An example of such a policy can be seen at http://www.ecs.soton.ac.uk/~lac/archpol.html. It begins by emphasising the benefits of self archiving, then states that all members of staff are expected to archive all their research output. The remainder of the document addresses worries about copyright.
The construction of an institutional policy should reflect the practises and concerns of the members of that institution. The following issues should be agreed before the archive is operational
- The Scope of the Archive
Different people in your institution will have different ideas about the kinds of material that willbe stored in the archive. You should make clear decisions from the outset about whether the archive to be used only for research output, or for capturing many forms of institutional documentation (e.g. minutes of meetings, teaching materials or multimedia data).
- The Purpose of the Archive
For what purpose do you intend to use the archive? The answer to this question will affect the amount of resourcing that the archive will demand.
Purpose Full text High Quality metadata Complete Coverage Acceptable Formats Longevity Dissemination X Web-accessible open formats (DOC/HTML/PDF) Archiving X X Preservation formats (XML) X Administration X X Library Science Research X Although access to full text and quality bibliographic metadata is often assumed, it is not a prerequisite for every application. The imperative for dissemination of the latest research results does not require accurate bibliographic metadata, and in fact such metadata will be unavailable before official publication. For long-term archiving, it is important to capture that information as soon as possible and to provide guaranteed, future-proof storage and document access. For research administration purposes, it is the existence of the eprint which is of paramount importance, and for every single artcile to have an eprint record. Many research applications, by contrast, require a selection of records with good metadata.

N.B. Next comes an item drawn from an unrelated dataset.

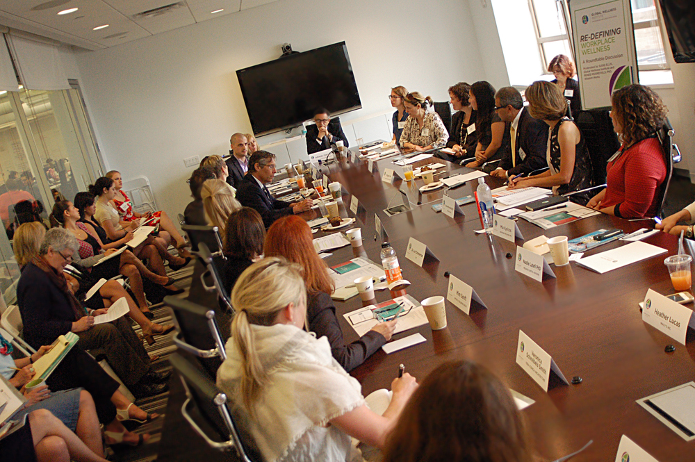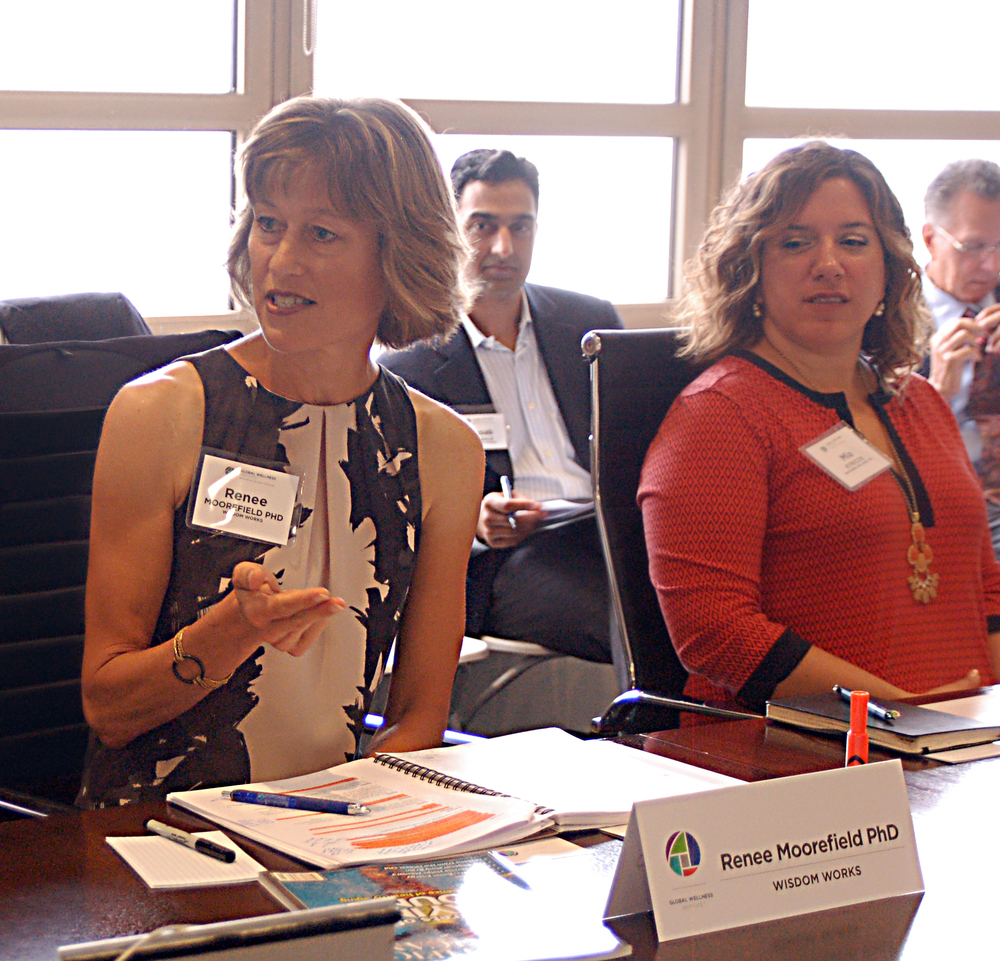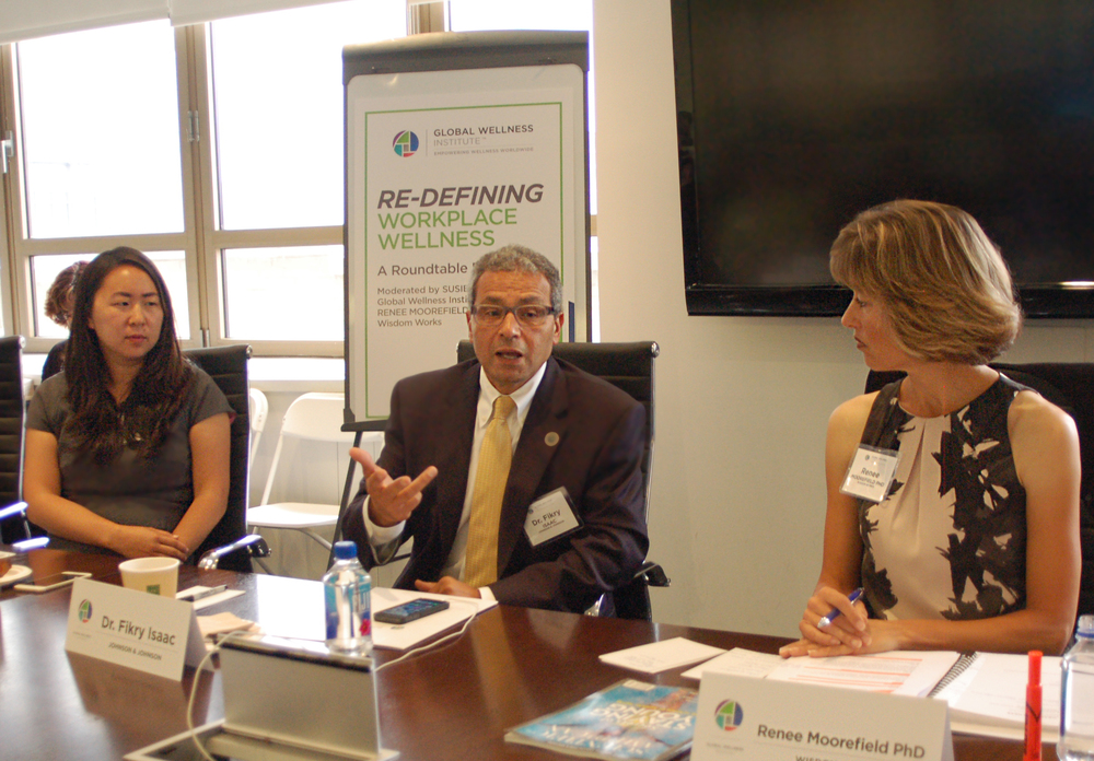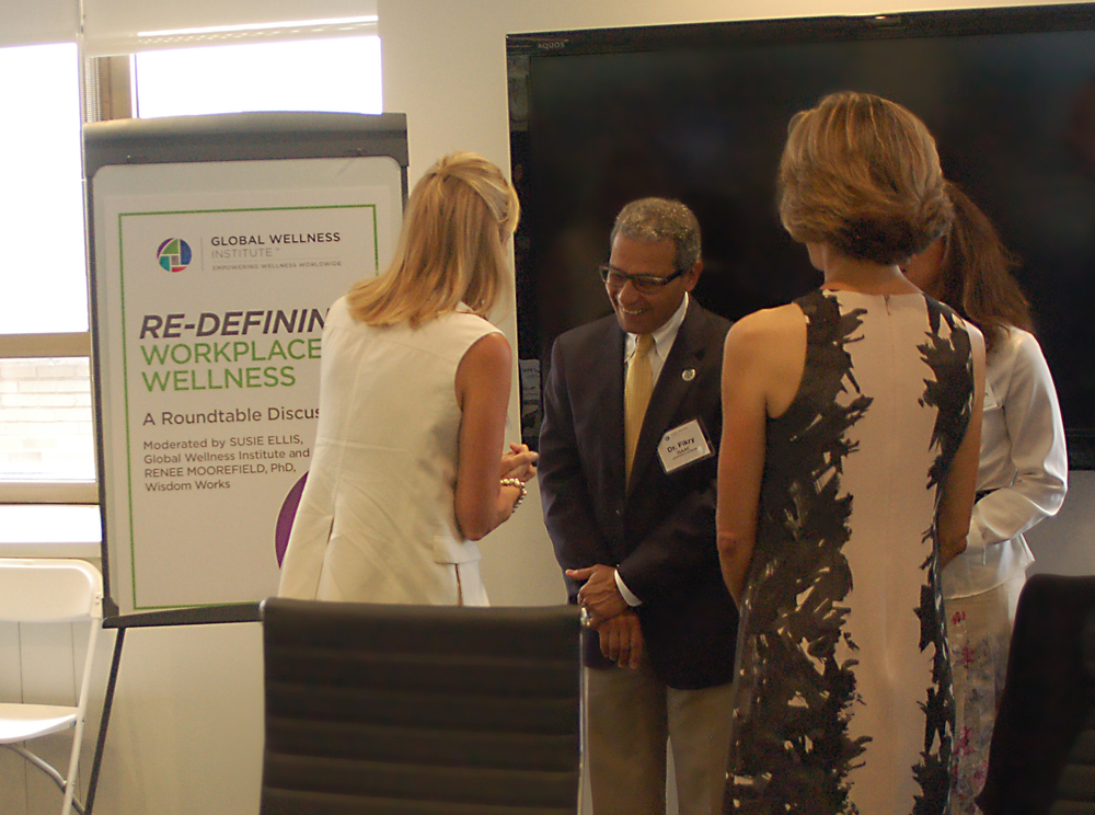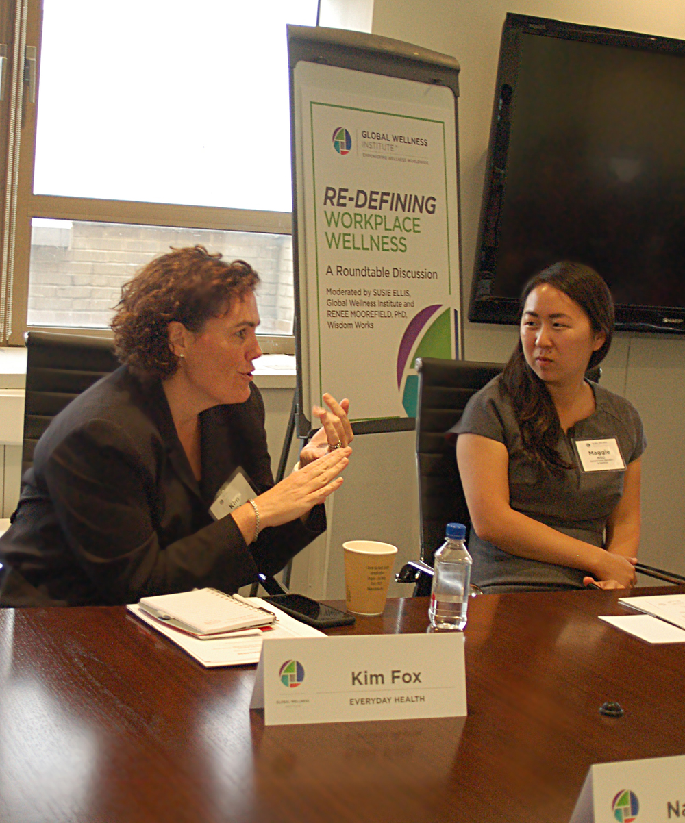 On July 15, the Global Wellness Institute held a roundtable discussion entitled “ReDefining Workplace Wellness” at the headquarters of Everyday Health in New York City. The discussion was moderated by Susie Ellis, GWI Chairman & CEO, and Renee Moorefield, PhD, CEO of Wisdom Works Group.

- Print Fidelity of Bibliographic Metadata
In technical subjects, it may be common to have unusual typographic symbols (e.g. ℘) or formulae (e.g. H2SO4, E=mc2)in the titles or abstracts of an article. In European languages it is common to have author names containing diacritical marks (ü é î etc.). EPrints supports the use of Unicode characters in its metadata, so a wide range of special charcters are supported, but there is no support for formulae.

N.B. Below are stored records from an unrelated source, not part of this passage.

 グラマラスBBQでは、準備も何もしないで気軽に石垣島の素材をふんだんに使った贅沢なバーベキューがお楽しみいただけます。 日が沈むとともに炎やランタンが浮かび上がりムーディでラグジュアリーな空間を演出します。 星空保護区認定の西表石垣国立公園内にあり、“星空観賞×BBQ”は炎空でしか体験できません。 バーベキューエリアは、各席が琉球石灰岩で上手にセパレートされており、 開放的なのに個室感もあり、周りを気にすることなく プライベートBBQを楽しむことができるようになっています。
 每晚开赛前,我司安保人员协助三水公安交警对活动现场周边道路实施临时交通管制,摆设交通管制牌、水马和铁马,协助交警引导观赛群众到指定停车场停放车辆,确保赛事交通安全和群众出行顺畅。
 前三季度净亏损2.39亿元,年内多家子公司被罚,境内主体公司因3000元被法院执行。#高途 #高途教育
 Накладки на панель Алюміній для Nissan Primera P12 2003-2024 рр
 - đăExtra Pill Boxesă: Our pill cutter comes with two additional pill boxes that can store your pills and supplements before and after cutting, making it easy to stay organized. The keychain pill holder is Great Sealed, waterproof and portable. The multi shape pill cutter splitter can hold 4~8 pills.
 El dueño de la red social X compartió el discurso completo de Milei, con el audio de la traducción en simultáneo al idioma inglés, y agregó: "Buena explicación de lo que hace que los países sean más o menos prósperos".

It is important to manage expectations on thbis front, as an EPrint archive listing will not be as flexible as a bibliography produced in a word processor. It is difficult to search on special formulae in titles, and so a possible stance to take is to provide a simple ASCII translation of a formula in the metadata (or to use a commonly recognised coding scheme like TeX maths mode).
- Institutional Subgroup Reorganisations
It is likely that people in the deploying institution are divided into administrative groupings (Research Groups, Departments, Schools, Faculties etc). It is common for each user to be a member of one (or more) groups, and for their eprints to be affiliated to that group. The problem is that such groupings may change every few years, whereas the life of an eprint should potentially be measured in decades (longer in an archiving application). It is necessary to decide at the outset how eprints would be treated in this case - will they have to be individually reassigned to new groups, or should the old group be maintained as a legacy construct to keep the archive's database coherent. Changes such as group renaming can take place relatively easily, but group splits are more difficult to manage.

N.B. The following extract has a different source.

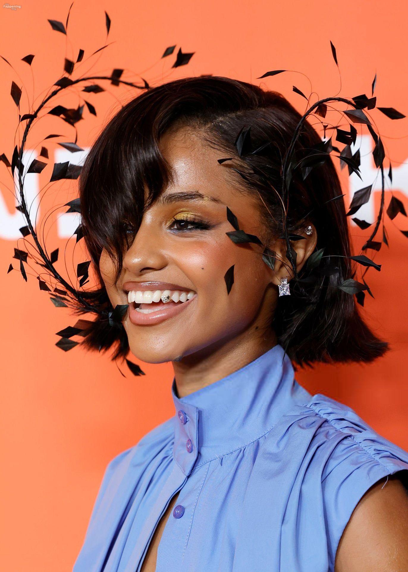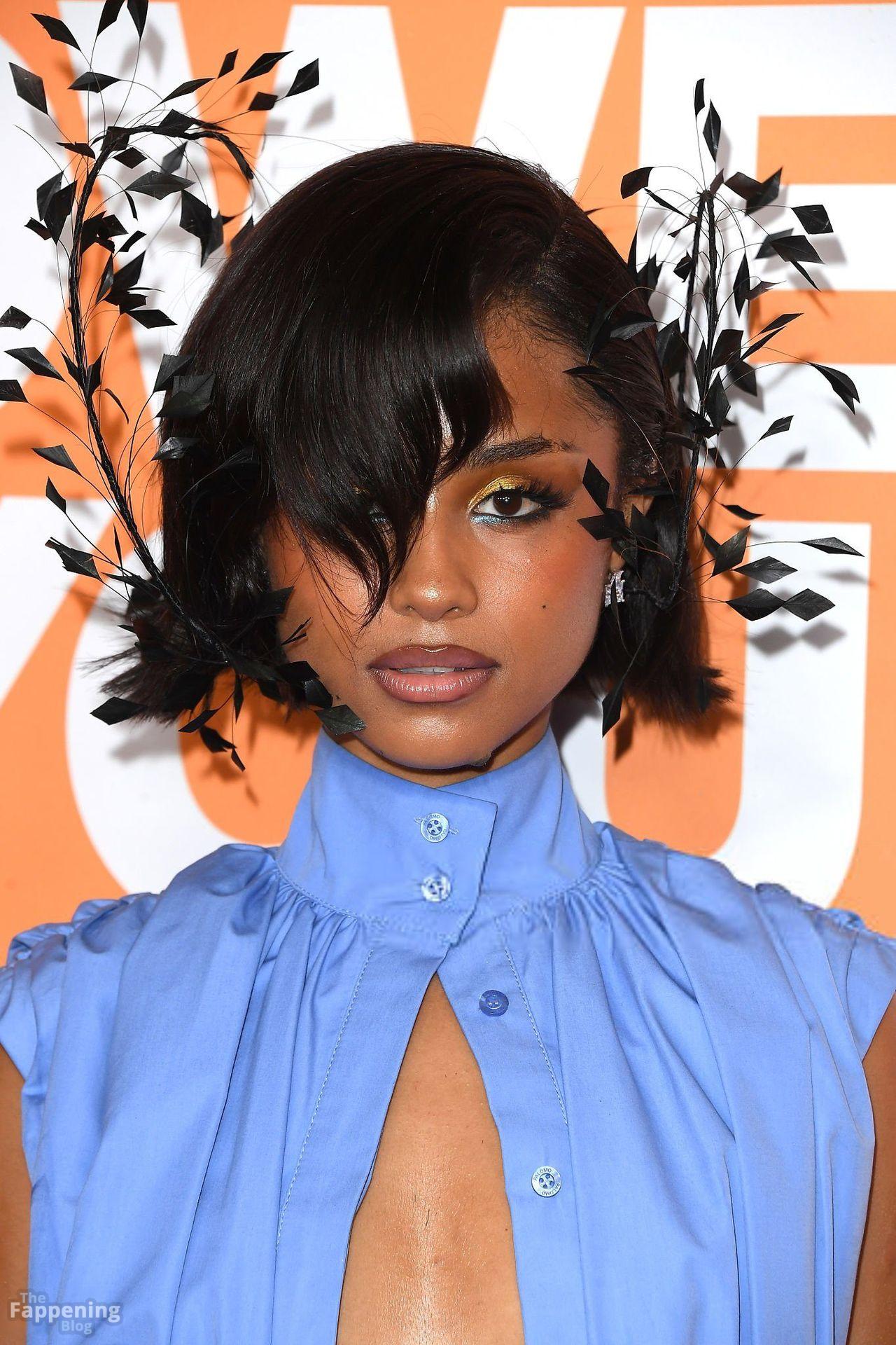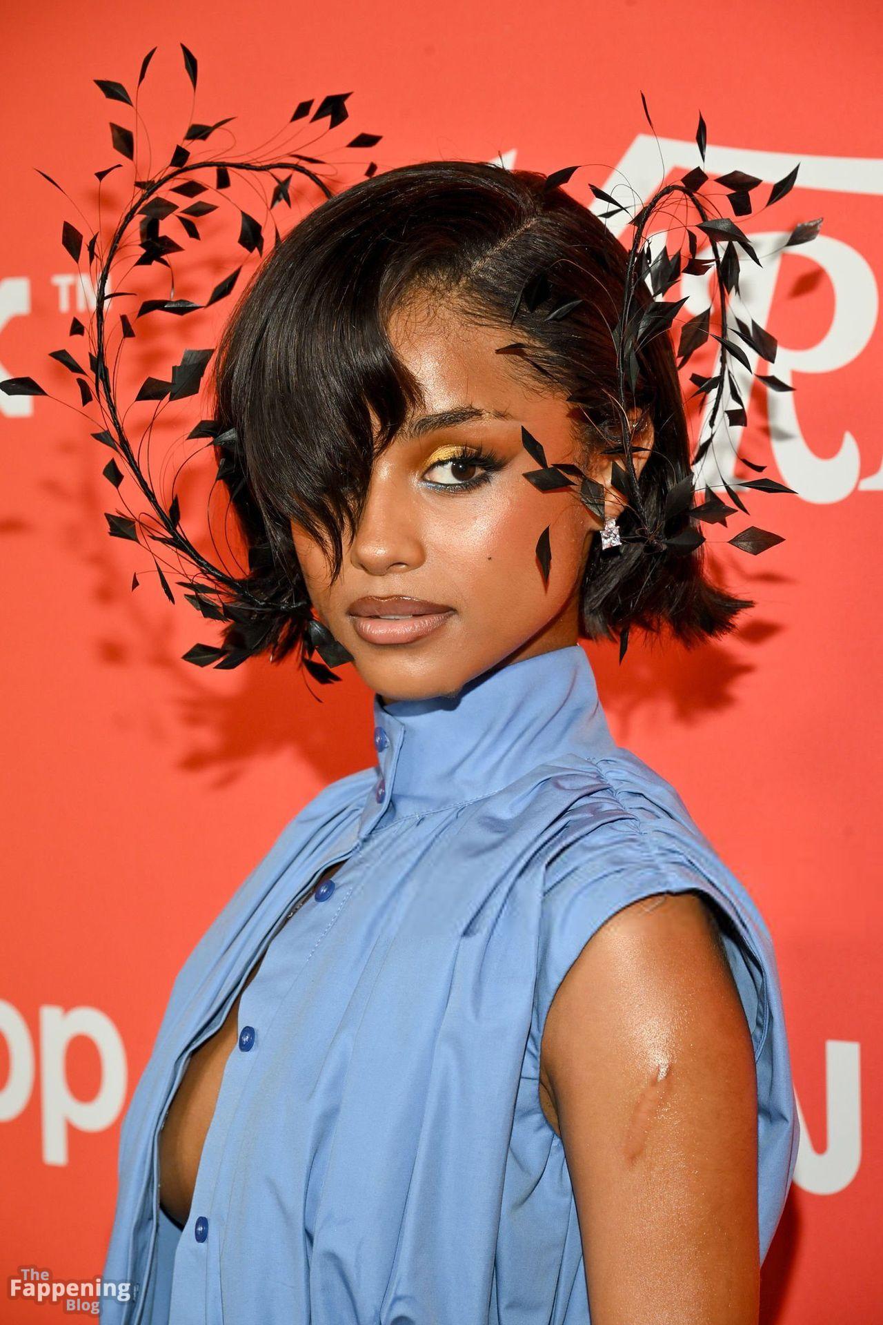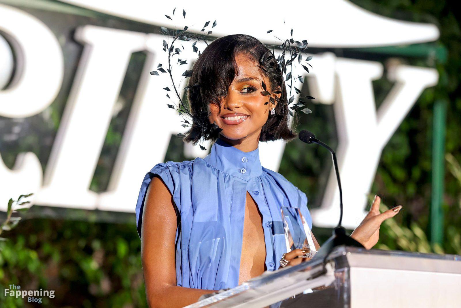 Tyla foi fotografada no evento Variety Power Of Young Hollywood 2025 no Four Seasons em Beverly Hills, usando um top azul sem sutiã com um flex de seios, uma minissaia.

On a related theme, when an individual changes groups, should their eprints be reassigned? In fact, are eprints assigned a group ownership independently of the membership of the authors or depositer? Or is their group affiliation derived from the affiliation of the person who wrote/deposited the eprint?
- Identifying Authors and Depositers Reliably
The lifespan of an eprint may be many times longer than the period of employment of the user who created or deposited any particular paper. It is important that once login names and emails are allocated, they stay the same for a long period of time. This has consequences, especially if you decide to use an existing username/password authentication service, in particular it should not reallocate a login name just because its owner left several years ago!
Experience shows that one of the easiest ways to uniquely identify an author is to use their professional email address.